# App Store redirect



## cherry ghost (Sep 13, 2005)

When viewing the full site on my iPad I'm periodically being redirected to the App Store. Pretty much how it's explained in this article.

http://techcrunch.com/2014/01/06/sh...ecting-mobile-users-to-app-store-google-play/


----------



## Mike Lang (Nov 17, 1999)

If you happen to see which ad is triggering it, we can try to block that one.


----------



## dcline414 (May 1, 2014)

Same thing on my iPhone. Just started yesterday or today, but is happening at least 1 out of 5 page loads when browsing the forum.

Supposedly iOS 8 was supposed to prevent App Store redirects without user interaction... apparently the ads have found a way around that.


----------



## cherry ghost (Sep 13, 2005)

The last one was Paint Monsters. I definitely didn't click on it because it was at the bottom of the page and I hadn't scrolled down that far. Earlier it was some Panda game.


----------



## dcline414 (May 1, 2014)

Mike Lang said:


> If you happen to see which ad is triggering it, we can try to block that one.

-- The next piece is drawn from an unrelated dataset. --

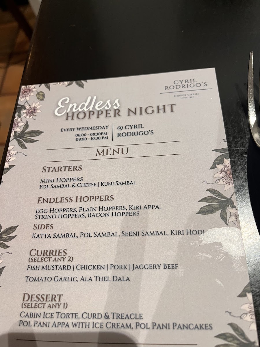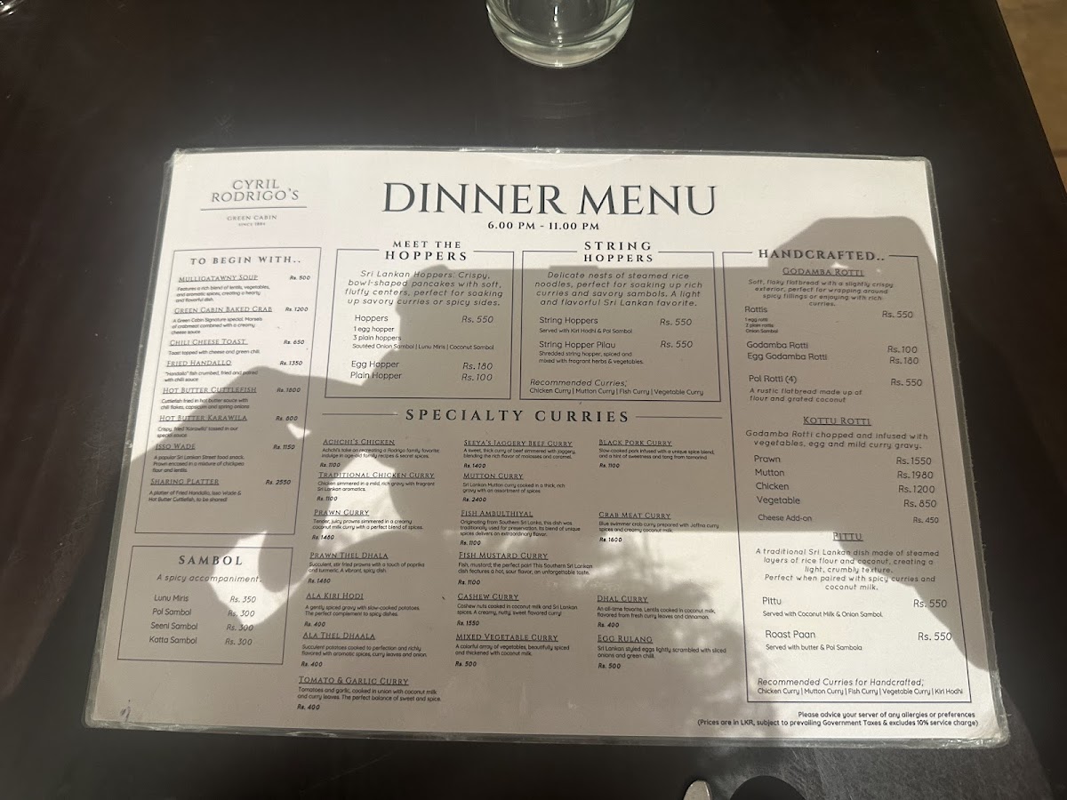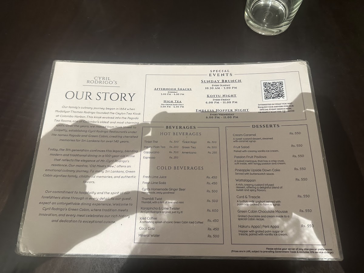 Introducing Cyril Rodrigo's Green Cabin—a culinary gem nestled in Colombo, Sri Lanka. This restaurant specializes in authentic Sri Lankan cuisine, offering diners an exquisite selection that delights the senses. With menu highlights such as the renowned egg hoppers and flavorful curries, the dining experience is a celebration of traditional flavors.

This one just did it now, but it's not the only one...


----------



## dcline414 (May 1, 2014)

This is the other one...just redirected to the App Store 3 times.


----------



## kdonnel (Nov 28, 2000)

Apple should have a process in place to remove an App from the store that advertises with this technique.


----------



## Mike Lang (Nov 17, 1999)

Reported for possible nuke.


----------



## kdonnel (Nov 28, 2000)

It is bad today. I am getting redirected about every other page refresh because every other load includes an offending ad.


----------



## Mike Lang (Nov 17, 1999)

This make take some trial and error to block the correct item. Please update here if you're still seeing these in the next hour or two.

Thanks


----------



## dianebrat (Jul 6, 2002)

dcline414 said:


> This one just did it now, but it's not the only one...

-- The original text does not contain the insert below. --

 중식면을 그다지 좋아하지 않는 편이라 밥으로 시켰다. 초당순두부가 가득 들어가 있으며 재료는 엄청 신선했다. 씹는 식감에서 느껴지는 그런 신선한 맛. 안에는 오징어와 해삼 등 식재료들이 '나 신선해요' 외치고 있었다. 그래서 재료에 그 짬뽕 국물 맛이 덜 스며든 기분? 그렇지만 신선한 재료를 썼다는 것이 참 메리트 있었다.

I had it pop up and do the redirect on another website, so this vendor/ad supplier is clearly not playing by the rules


----------



## SullyND (Dec 30, 2004)

Last time this happened on TCF I ended up turning off installing apps in restrictions and it prevents the add from redirecting.


----------



## kdonnel (Nov 28, 2000)

It's happening again.


----------



## David Bott (Jan 1, 1999)

Sorry to say really need more information than that. What was the ad? Where did it take you? Thanks.


----------



## cherry ghost (Sep 13, 2005)

Happened again with Paint Monsters. Took me to the App Store.


----------